Specifically, Democrat legislators have taken aim at a series of expedited emergency rulings over the summer. The first and most important is the court’s rejection of a petition by Texas abortion providers, who sought a suspension of the Texas Heartbeat Law. The court also ended the Centers for Disease Control and Prevention’s moratorium on evictions during the pandemic and rebuffed the Biden administration’s effort to rescind the Trump administration’s “remain in Mexico” policy for migrants seeking asylum. 

 

‘Shadow Docket’

At Notre Dame, Alito defended the court’s actions in all three cases.

“The real complaint of these critics is that we have granted relief when they think it should have been denied, and we have denied relief when they think it should have been granted,” said Alito.

“If they want to criticize us on those grounds, fine; let them make their case. But attempting to disguise their real complaint with a lot of talk about the sinister, secretive shadow docket is unworthy.” 

It’s doubtful, however, that his remarks will satisfy Democrats who organized a Senate Judicial Committee hearing on the “shadow docket,” or the high court’s liberal wing.
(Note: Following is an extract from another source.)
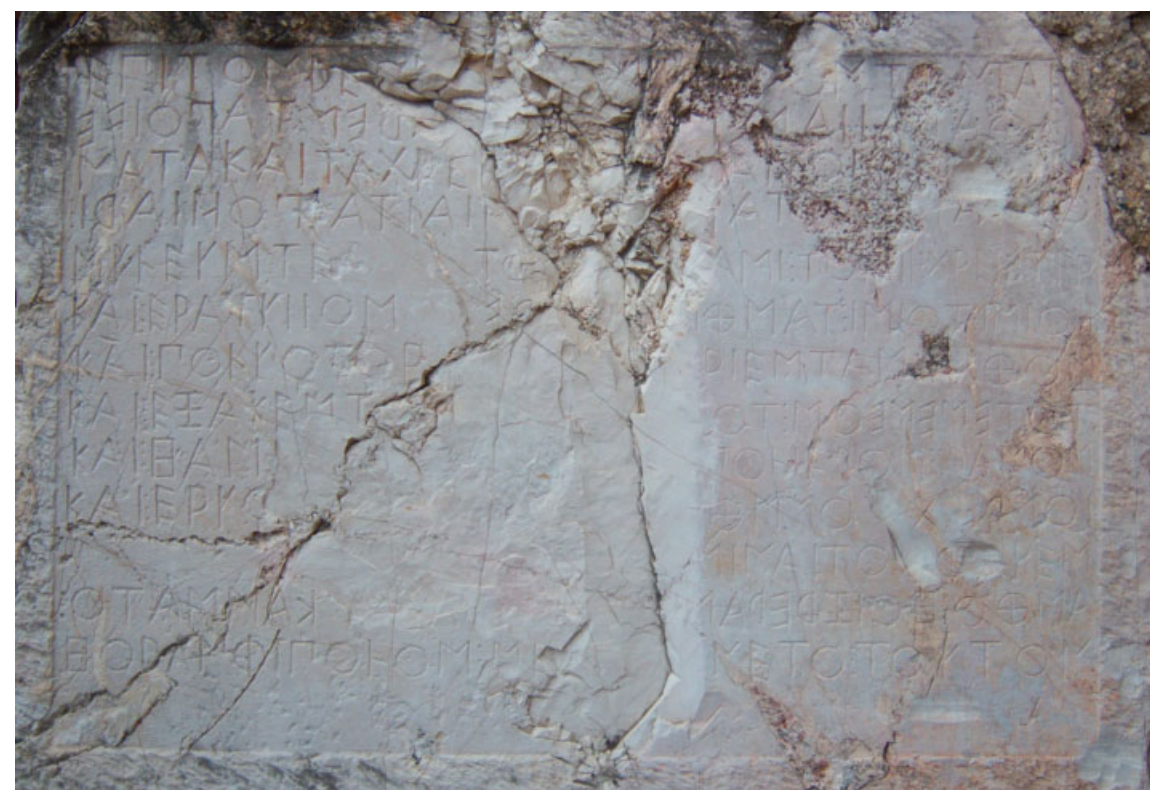
Fig. 2. Current condition of inscription.

In her dissent on the majority’s decision to allow the Texas Heartbeat Act to remain in force, Justice Elena Kagan questioned why “an obviously unconstitutional abortion regulation backed by a wholly unprecedented enforcement scheme” was allowed to “remain in force when it is unlikely to prevail.” 

“[T]he majority’s decision is emblematic of too much of this Court’s shadow-docket decision-making — which every day becomes more unreasoned, inconsistent, and impossible to defend,” said Kagan.

With the oral arguments in Dobbs more than a month away, and a ruling anticipated for June 2022, Bradley does not expect the conservative wing to obtain a reprieve from the political acrimony any time soon.

“The court’s conservative justices are caught between two powerful currents of potential criticism, if not of political pressure,” he told the Register. “No matter what they do in Dobbs, they are likely to be caustically criticized.” 

But Ed Whelan, an expert on the Constitution who covers the Supreme Court on his National Review blog, “Bench Memos,” said the justices cannot allow the political circus to become a distraction and must fulfill the grave responsibilities of their office. 

“The job of the justices is to interpret the Constitution correctly, even — or especially — when that’s unpopular,” said Whelan. “The surest way for the court to lose respect is to show that it can be intimidated.”